Joyau architectural de la Côte d'Émeraude, la Villa Collignon conjugue rigueur classique, audace Art Déco et ancrage breton dans une œuvre singulière signée Pol Abraham, dressée face à l'Atlantique en 1925.
Nichée dans le bourg de Fréhel, aux portes du cap qui lui donne son nom et de ses landes sauvages battues par les vents, la Villa Collignon constitue l'une des œuvres les plus intrigantes de l'architecture résidentielle bretonne du début du XXe siècle. Inscrite aux Monuments Historiques en 1995, elle témoigne d'un moment rare où plusieurs courants esthétiques semblent se croiser sans se contredire, offrant au regard un édifice à la fois familier et déroutant. Ce qui rend la villa véritablement singulière, c'est la manière dont son architecte, Pol Abraham, a su réconcilier des vocabulaires apparemment opposés. La symétrie rigoureuse de la façade, digne d'un hôtel particulier parisien, dialogue avec des ornements géométriques tout droit issus de l'Art Déco triomphant des années 1920, tandis que le traitement de la toiture et certains détails de maçonnerie évoquent discrètement l'architecture vernaculaire des maisons côtières armoricaines. Cette triple appartenance fait de la Villa Collignon un document architectural d'une richesse peu commune. Pour l'amateur de patrimoine, la découverte de la villa s'opère d'abord en extérieur : le jeu des volumes, la qualité du dessin des ouvertures et la tension entre sobriété et décoration constituent à elles seules une leçon d'architecture. L'inscription partielle au titre des Monuments Historiques confère à l'édifice une reconnaissance officielle tout en soulignant la complexité d'un bâtiment dont toutes les parties ne présentent pas le même intérêt patrimonial. Le cadre renforce encore l'attrait du lieu. Fréhel, avec ses falaises de grès rose surplombant la mer et ses phares emblématiques, offre un arrière-plan naturel d'une beauté austère. La villa, construite dans cet environnement exceptionnel, appartient pleinement au paysage culturel et naturel de la Côte d'Émeraude, cette portion de littoral breton où le granit, la lumière rase et l'iode semblent imposer aux bâtisseurs une exigence particulière.

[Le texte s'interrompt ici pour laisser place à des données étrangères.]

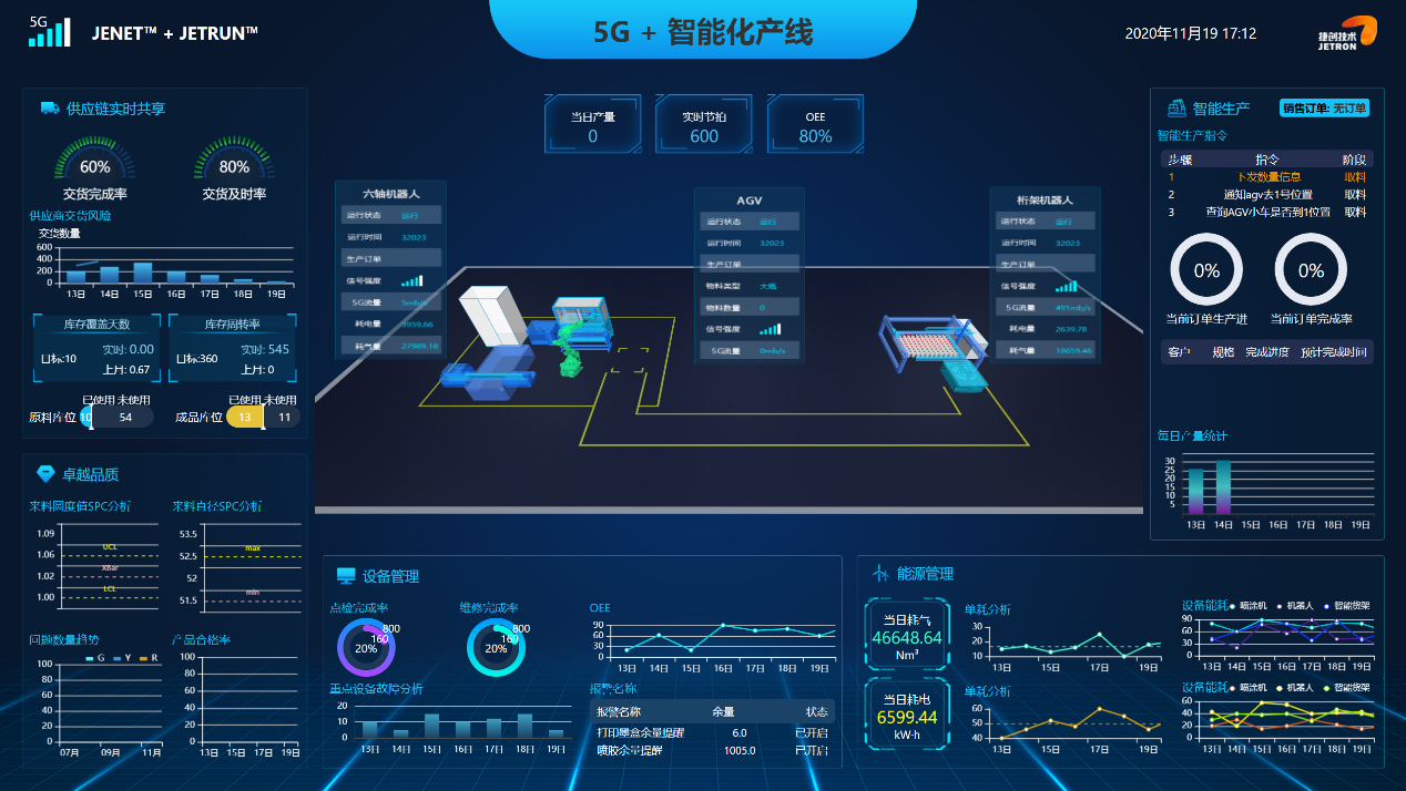 The 5G+MOM future factory unmanned production line simulates the whole process of automated production in a smart factory, and is also an application of the integration solution of automation, 5G, and informatization. The production line consists of smart shelves, AGVs, robots, glue sprayers, and UV printers. The field equipment transmits data through the JENET 5G intelligent industrial gateway independently developed by JETRUN and the JETRUN-MOM system deployed in the cloud to realize real-time interaction between the MOM system and the equipment. Customers can "place an order" with one click on their mobile phone or tablet to conduct personalized customization. The JETRUN-MOM system automatically arranges production, manufacture, shipment and distribution after receiving the instruction.

La Villa Collignon se distingue par sa composition tripartite, où la symétrie classique structure l'ensemble sans jamais l'alourdir. La façade principale, ordonnée autour d'un axe central marqué, déploie ses ouvertures selon un rythme mesuré qui trahit la formation académique de Pol Abraham. Les encadrements de fenêtres et les éléments décoratifs géométriques, caractéristiques du vocabulaire Art Déco des années 1920, viennent animer une surface qui, sans eux, pourrait paraître austère. L'architecte joue habilement de la ligne droite et de la sobriété ornementale, fidèle à l'esprit de ce style qui triomphera à l'Exposition internationale des Arts Décoratifs de Paris en 1925, année même de la construction de la villa. La dimension régionaliste de l'édifice se manifeste dans le traitement de la toiture et dans le choix de certains matériaux de maçonnerie, qui font écho aux traditions constructives de l'architecture bretonne côtière. Pol Abraham évite ainsi le pastiche folkloriste tout en ancrant son œuvre dans son territoire d'implantation. Le résultat est un édifice de taille moyenne, à l'échelle d'une demeure bourgeoise de villégiature, qui s'intègre avec naturel dans le tissu urbain et paysager de Fréhel tout en se distinguant nettement des constructions ordinaires de la station.